Мать моя была русская, отец женился на ней, когда еще служил в Петербурге. Брак этот был счастлив, хотя, как мне кажется, вспыльчивый, строптивый характер отца немало приносил ей огорчений. Мать моя происходила из старинной зажиточной дворянской семьи; благодаря деньгам, принесенным ею в приданое, отец мог выкупить от ростовщиков-армян свое родовое, с незапамятных времен заложенное имение, где он и поселился, оставив службу, причинявшую ему только одни неприятности. Когда мне исполнилось 12 лет, меня отправили в военную гимназию в Петербург на попечение тетки, замужней сестры моей матери. Рожденный под роскошным солнцем Грузии, взлелеянный ее благотворным воздухом, я, однако, не мог выносить сурового, туманного климата северной столицы и постоянно болел. Благодаря тому обстоятельству, что я большую часть года проводил в госпитале, науки мои шли очень плохо, и я с грехом пополам окончил гимназию, но в военное училище уже не пошел, а вернулся поскорее на родину и поступил в один из туземных полков вольноопределяющимся. С этого-то момента и начинается история моего несчастья.

Муртуз-ага, которого мы теперь уже будем называть его настоящим именем – князем Каталадзе – тяжело вздохнул и, помолчав немного, как бы обдумывая дальнейшее повествование, снова начал:

– Итак, я поступил в полк. Какое это было чудное время!.. К сожалению, оно продолжалось недолго, всего несколько месяцев.

Полк наш был как одна семья; офицерство состояло из грузин и русских. Ни армян, ни татар в среде его не было, все были на «ты» друг с другом, все как братья. Вольноопределяющимся жилось прекрасно, они были приняты в офицерскую среду совсем запросто, по-товарищески, не так, как в других пехотных полках, где с ними обращаются немного лучше, чем с простыми нижними чинами. Так как большинство офицеров были грузины, то они давали тон всему полку; благодаря им, редкий день проходил без веселого сборища в квартире кого-либо из них. Кахетинское лилось рекой, благо в те времена оно было немногим дороже воды; «азарпеш» весело ходил по рукам удалой компании, под дружное пение традиционного «Мравал Джамиер» и забористые шутливые тосты остроумца тамады. Иногда пир затягивался дня на три, на четыре, причем заправские кутилы все это время так и не отходили от стола. Когда вино и сон одолевали их буйные головы, они облокачивались на стол и дремали час-другой со стаканами в руках, после чего как ни в чем не бывало снова принимались за кутеж, пока, наконец, какое-нибудь постороннее обстоятельство не прекращало попойки.

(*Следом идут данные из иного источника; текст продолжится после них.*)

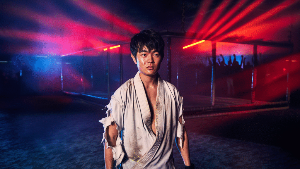 Visually, the film contrasts intimacy and scale. Candlelit dojos echo with quiet philosophy, while storm-lashed temples frame battles against both opponent and self. Neon city streets pulse with aggression, and underground arenas hum with brutality, reminding us how far martial arts culture has drifted.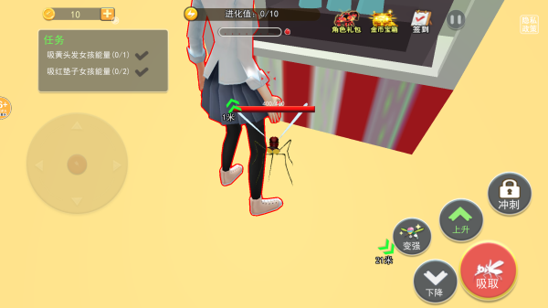 3、独特进化系统:通过吸血与任务积累进化值,提升蚊子生存力与吸血能力,解锁新外观与技能。

Не довольствуясь кутежами в холостой компании, офицерство наше то и дело устраивало пикники с дамами: как с полковыми – женами офицеров, так и с городскими. На пикники преимущественно ездили верхом; у редкого офицера не было своего коня, какого-нибудь лихого кабардинца или золотистого Карабаха.

 

Как теперь вижу я эти веселые поезда. Три-четыре фаэтона, наполненные нарядно одетыми дамами, мчатся четверками во весь дух по ровной дороге, среди виноградников и фруктовых садов… Вокруг них, спереди и сзади, джигитуя и перекликаясь между собою, на поджарых, горячих конях несутся молодые офицеры, ловкие, стройные, в черкесках, увешанные оружием в богатой серебряной оправе.

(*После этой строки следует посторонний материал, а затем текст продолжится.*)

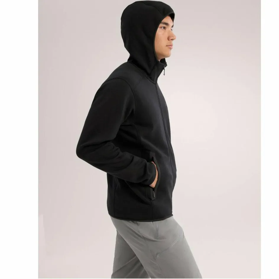 Doch das ist nicht alles, was das Power Stretch Material zu bieten hat. Es trocknet super schnell und leitet überschüssige Feuchtigkeit und Wärme von Körper nach außen ab, damit die Haut angenehm trocken und warm bleibt. Bei kühlem Wetter ist der Kyanite Hoody somit ein toller Midlayer unter einer Hard- oder Softshelljacke, überzeugt aber auch solo getragen überm Shirt mit maximaler Performance! Natürlich kommt auch die Optik nicht zu kurz. Wie von Arc’teryx gewohnt kommt der sportliche Fleecehoody in einem schicken, ästhetisch-cleanen Design daher, das zu jedem Outfit gut aussieht!

Тут же, не уступая мужчинам в лихости и удали, скачут две-три амазонки в цветных офицерских фуражках, с разгоревшимися лицами и блещущими глазами… Глядя на молодежь, и у солидных офицеров разгорается сердце – не вытерпит иной тучный, седовласый и плешивый майор, слезет со своей повозочки, запряженной парой резвых иноходчиков, и попросит кого-нибудь из молодежи уступить своего коня, а самому сесть в его майоровскую повозку; кряхтя и сопя, влезает старик на седло и, пригнувшись к луке, мчится за умчавшейся кавалькадой, которая встречает его громким и дружным хохотом, добродушно подтрунивая над его не умещающимся на седле животом и толстыми короткими ногами.

– Ладно, смейтесь, молокососы! – добродушно ворчит старик-ветеран. – Думаете, я не был такой, как вы? Был, еще, пожалуй, получше! Помню, как в 1849, я был тогда совсем юным прапорщиком, мы…

И тут старик начинал бесконечную повесть из великой эпохи, которая зовется – Кавказская война. Эти бесхитростные рассказы, помню, действовали на нас, молодежь, как смола на огонь, зажигая в наших сердцах жажду к опасностям и подвигам. С горящими глазами, сжимая пальцами эфесы шашек и рукоятки кинжалов, слушали мы старых вояк, принося в душе своей клятвы при случае последовать их примеру и поддержать незыблемую геройскую славу кавказских войск. Ах, чудное, невозвратное время!.. Впрочем, простите, я, кажется, увлекся и говорю не о том, о чем следует… На чем я остановился? Ах, да, – на том, что я поступил в полк. В полку я был зачислен в 1-ю роту; ротный командир у меня был капитан Некраснев. На моем слабом языке нет таких слов, которыми бы я мог рассказать вам, что это была за личность; во всем, в чем только вы хотите, он мог служить образцом. Прекрасный фронтовик, службист, сумевший поставить свою роту на такую недосягаемую высоту в деле военного образования и воспитания, что никому и в голову не приходило тягаться с ним, – Егор Сергеевич, так звали Некраснева, в то же время был человек весьма добрый, даже снисходительный; с солдатами обращался прекрасно, с отеческой о них заботливостью; что же касается товарищей-офицеров, то лучшего товарища нельзя было и представить себе. У нас его все любили и почитали, мы же, мальчишки, вольноопределяющиеся его роты, прямо обожали его. С нами он держал себя очень просто, дружески, на службе был строг и взыскателен, а вне службы он являлся для нас не начальником, а как бы старшим братом. Попасть к нему в роту считалось большой честью и счастьем. Как и подобает солидному ротному командиру, человеку пожилому, капитан Некраснев был женат. Жена его – Людмила Павловна – была моложе его на 20 лет. О то время, когда я с ним познакомился, Некрасневу было 45, а ей двадцать пять лет, но это не мешало им жить душа в душу и сильно любить друг друга.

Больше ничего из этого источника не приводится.